SAABlog
StorageIntermediate

S3 Select & Glacier Select: Query Only the Data You Need Without Full Download

Learn how to use S3 Select and Glacier Select to extract only needed data using SQL without downloading entire objects, reducing costs and time.

PHILOLAMB-Updated: January 31, 2026
S3 SelectGlacier SelectServer-Side FilteringCost ReductionSQL Query

Related Exam Domains

  • Domain 3: Design High-Performing Architectures

Key Takeaway

S3 Select extracts only needed data from S3 objects using SQL, reducing data transfer and costs by up to 80% without downloading entire objects.
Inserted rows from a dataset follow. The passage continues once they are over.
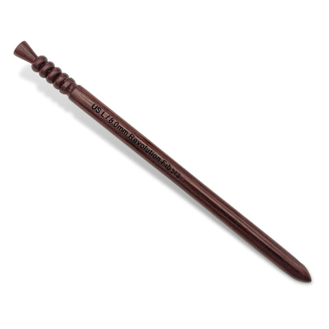 Revolution Fibers Rosewood Crochet Hooks are each individually handcrafted. This crochet hook is a replacement crochet hook for the Revolution Fibers Premium Crochet Hook Set.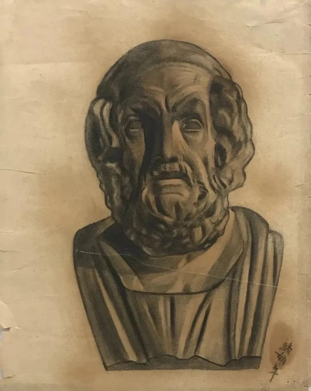 路毓华-《荷马》-63.5×48cm-纸本素描-1928年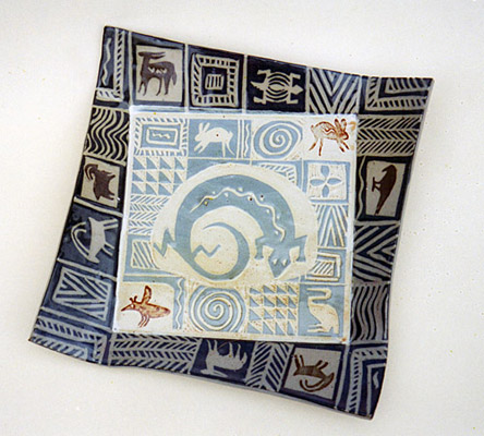 Square platter: A shallow platter,slip decorated with an assortment of Native American and African designs.
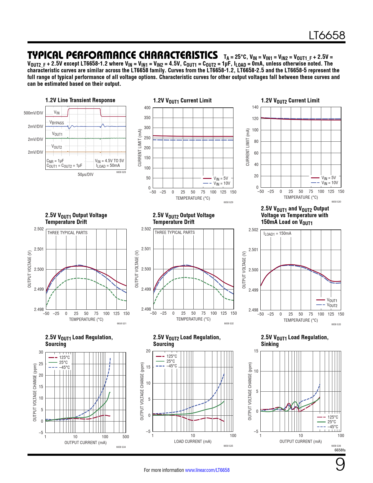 Typical perForMance characTerisTics TA = 25°C, VIN = VIN1 = VIN2 = VOUT1_F + 2.5V = VOUT2_F + 2.5V except LT6658-1.2 where VIN = VIN1 = VIN2 = 4.5V, COUT1 = COUT2 = 1µF, ILOAD = 0mA, unless otherwise noted. The characteristic curves are similar across the LT6658 family. Curves from the LT6658-1.2, LT6658-2.5 and the LT6658-5 represent the full range of typical performance of all voltage options. Characteristic curves for other output voltages fall between these curves and can be estimated based on their output. 1.2V Line Transient Response 1.2V VOUT1 Current Limit 1.2V VOUT2 Current Limit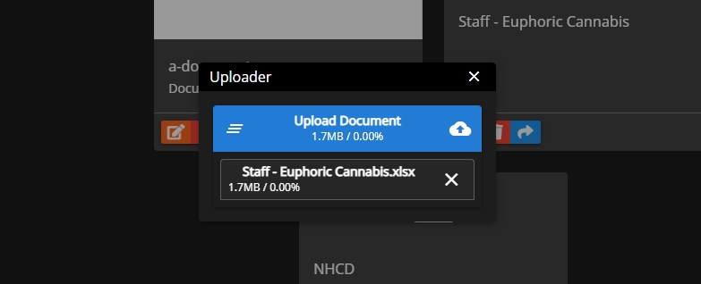 Once you select the file(s) you'd like to upload click the white cloud upload icon to the right of "Upload Document". This will now upload the file and alert you once it's completed.
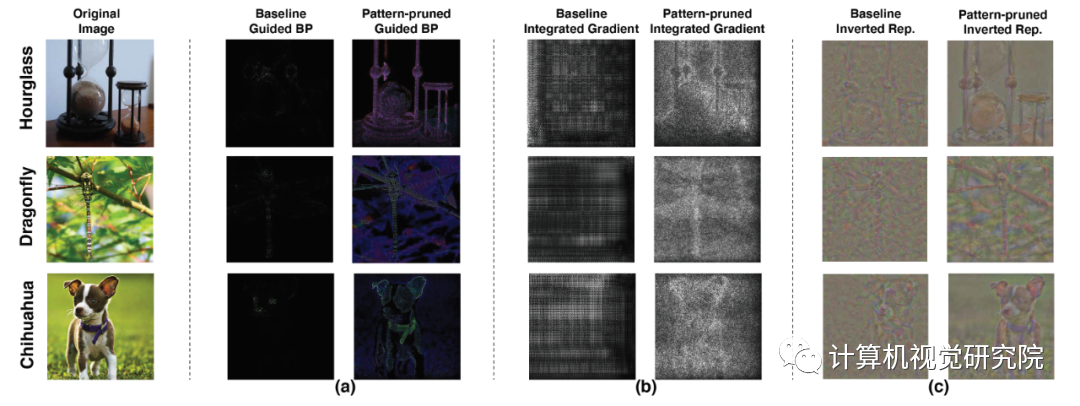 图 6. 基于 VGG-16 在 ImageNet 上剪枝后的模型可视化效果图。此处采用了三种不同的可视化方法:(a) guided-backpropagation (BP) ,(b) integrated gradients, (c) inverted representation。
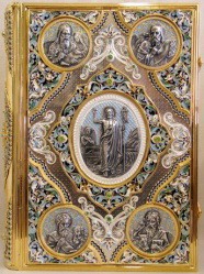 Baptismal cross no.111 | Carved icon: of Holy Archangel Michael | Deacon vestments - metallic brocade BG6 (claret-gold) |
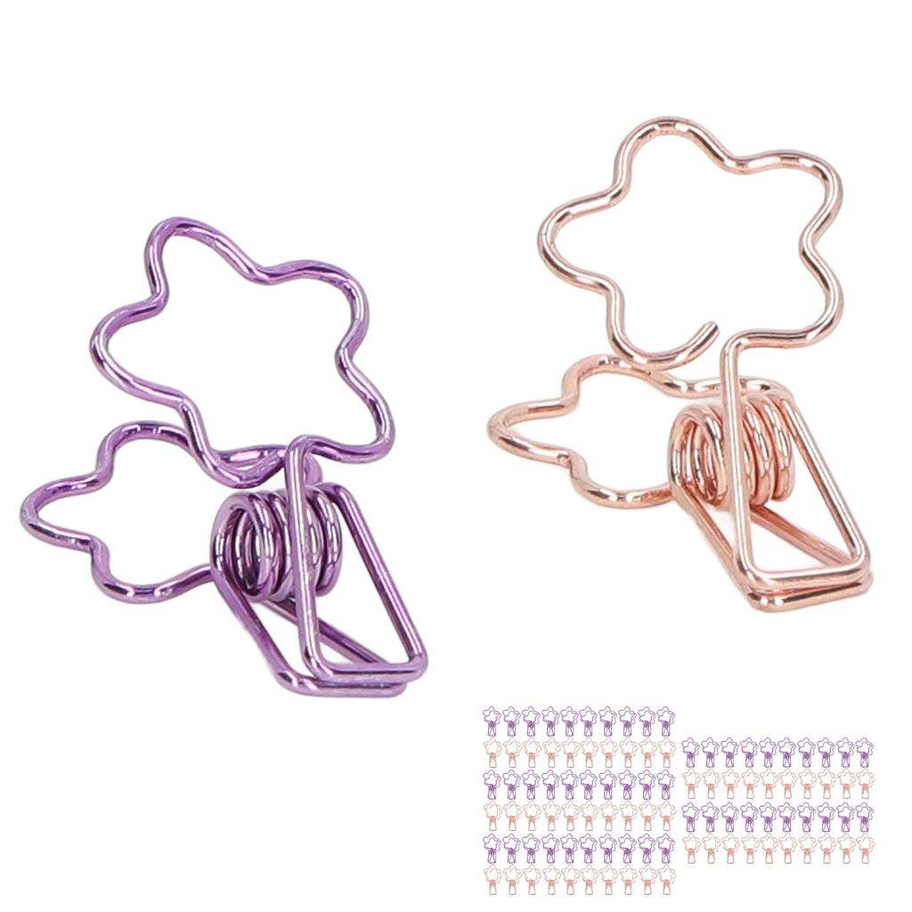 100 Stück Niedliche Büroklammern Cartoon Blumenform Roségold Lila Papierklemmen für Zuhause Schule Büro

Glacier Select provides the same functionality for archived data.

Exam Tip

Exam Essential: "Only needed data without full object download = S3 Select", "S3 data analysis = Athena (complex queries), S3 Select (simple filtering)"

What is S3 Select?

A server-side filtering feature that extracts only needed rows and columns using SQL expressions from objects stored in S3.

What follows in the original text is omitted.